**Assignment**
Starting at the line containing "Custom patches for" and ending at the line containing "经统计,1-5包合计中标金额", transcribe the listing below exactly. Keep both end lines, skip the pictures, and copy nothing else.

**Data for this task**

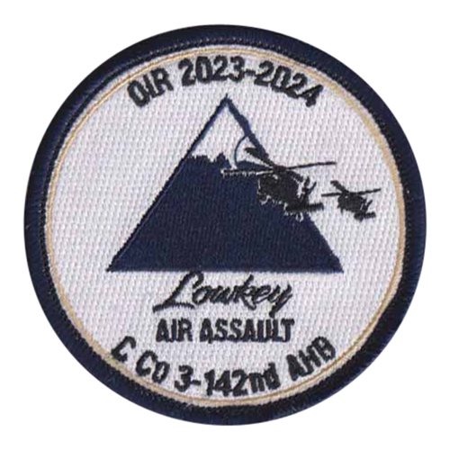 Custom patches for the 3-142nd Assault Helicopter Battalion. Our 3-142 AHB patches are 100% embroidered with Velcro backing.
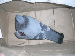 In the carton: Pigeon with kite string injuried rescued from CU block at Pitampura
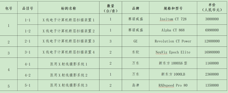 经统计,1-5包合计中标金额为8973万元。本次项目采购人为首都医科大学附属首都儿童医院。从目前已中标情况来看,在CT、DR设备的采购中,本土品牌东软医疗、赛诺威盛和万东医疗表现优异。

==

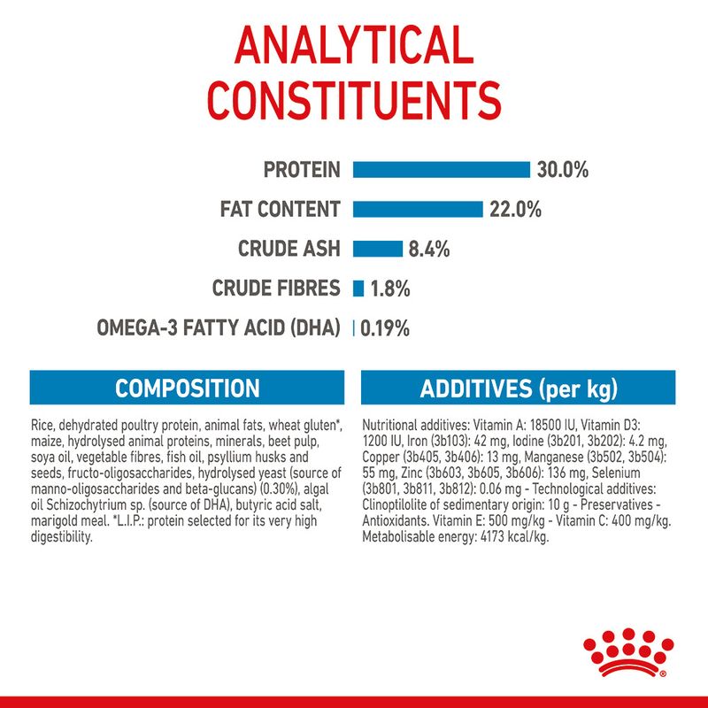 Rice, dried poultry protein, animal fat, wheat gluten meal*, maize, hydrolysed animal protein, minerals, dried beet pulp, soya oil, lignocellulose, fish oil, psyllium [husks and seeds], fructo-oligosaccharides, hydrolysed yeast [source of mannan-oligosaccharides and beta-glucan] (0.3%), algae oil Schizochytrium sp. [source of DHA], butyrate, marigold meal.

**Task response**
 Custom patches for the 3-142nd Assault Helicopter Battalion. Our 3-142 AHB patches are 100% embroidered with Velcro backing.
 In the carton: Pigeon with kite string injuried rescued from CU block at Pitampura
 经统计,1-5包合计中标金额为8973万元。本次项目采购人为首都医科大学附属首都儿童医院。从目前已中标情况来看,在CT、DR设备的采购中,本土品牌东软医疗、赛诺威盛和万东医疗表现优异。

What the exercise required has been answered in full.